Sorry for the late reply @hermmanhender but yes as @mannyv stated you either have to add the log standard standard deviations as parameters of the model, or you can clamp them from something like -1 to 1. I have seen having them parameterized allows for less exploration and when I fight them against each other in custom multi-agent scenarios, the clamped version wins more often.
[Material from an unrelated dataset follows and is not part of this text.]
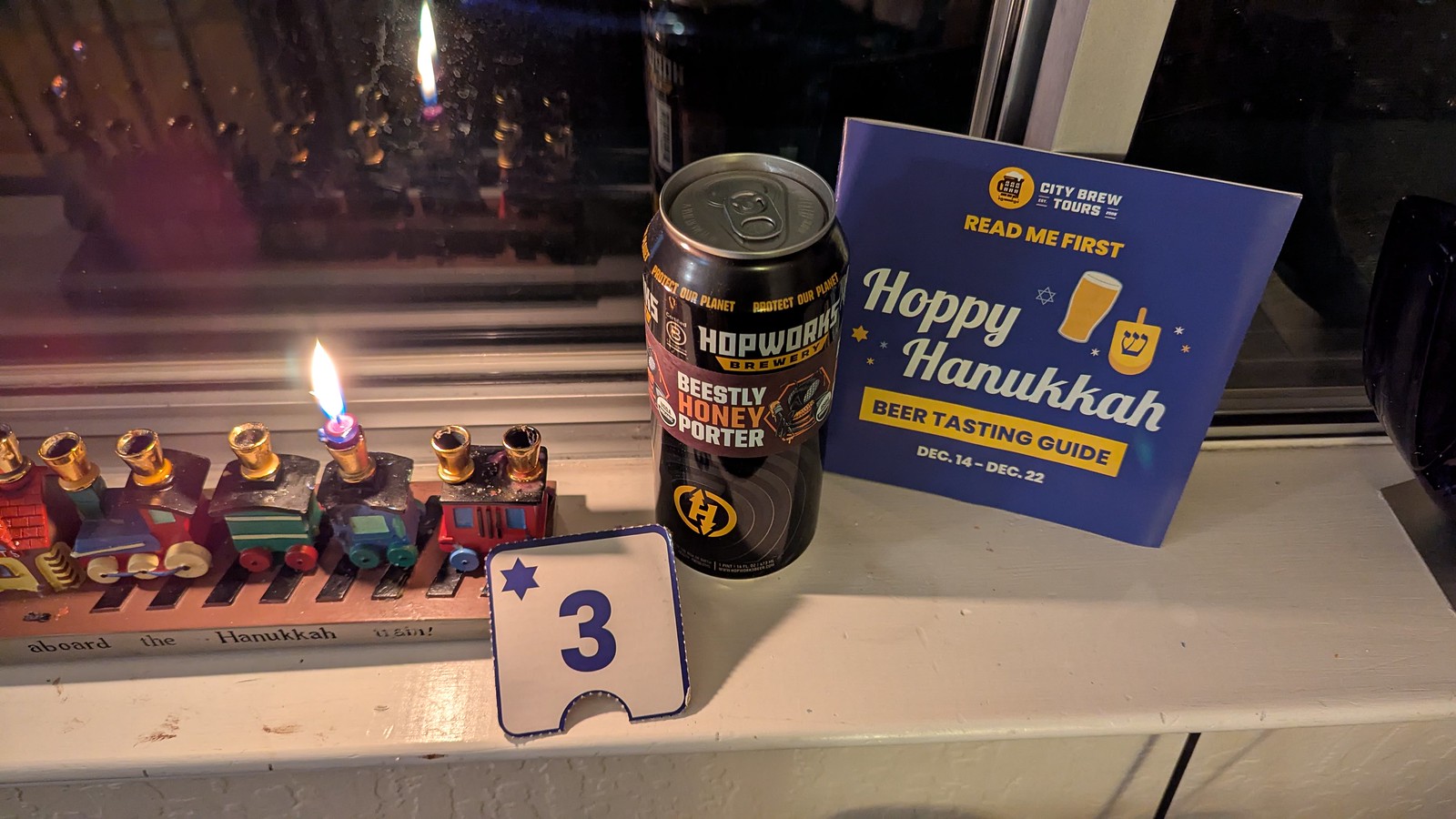 I enjoyed my third night of Hanukkah beer with my latkes and apple sauce.

Something like this is the parameterized version:
self.critic_fcnet = TorchFC(obs_space, action_space, 1, model_config, name + "_critic")
self.actor_means = TorchFC(obs_space, action_space, action_space.shape[0], model_config, name +
"_actor")
self.log_std_init = model_config['custom_model_config'].get('log_std_init', 0)
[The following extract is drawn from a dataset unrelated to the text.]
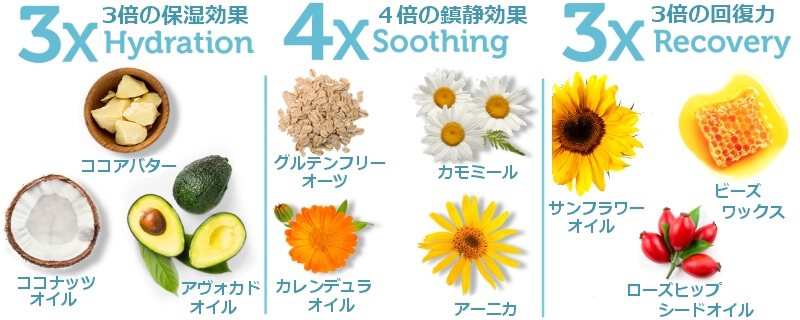そのことからも炎症を抑える治癒力、傷ついた肌をプロテクトするバリア効果があるのは容易に想像がつくところ。

self.log_stds = nn.Parameter(torch.ones(action_space.shape[0]) * self.log_std_init, requires_grad = True)
def forward(self, input_dict, state, seq_lens):
means, _ = self.actor_means(input_dict, state, seq_lens)
log_stds = self.log_stds.expand_as(means)
logits = torch.cat((means, log_stds), dim = -1)
self.value, _ = self.critic_fcnet(input_dict, state, seq_lens)
else you can do the clamped version:
self.actor_logits = TorchFC(obs_space, action_space, action_space.shape[0]*2, model_config, name +
"_actor")
def forward(self, input_dict, state, seq_lens):
# Get the model output
logits, _ = self.actor_logits (input_dict, state, seq_lens)
means, log_stds = torch.chunk(logits, 2, -1)
log_stds = torch.clamp(log_stds , -1, 1)
logits = torch.cat((means, log_stds ), dim = -1)
self.value, _ = self.critic_fcnet(input_dict, state, seq_lens)
self.log_step += 1
Either of these seems to have helped my issue and I no longer run into it. From lots of logging it seems as though the logp_ratio goes to nan due to the std_dev going extremely small.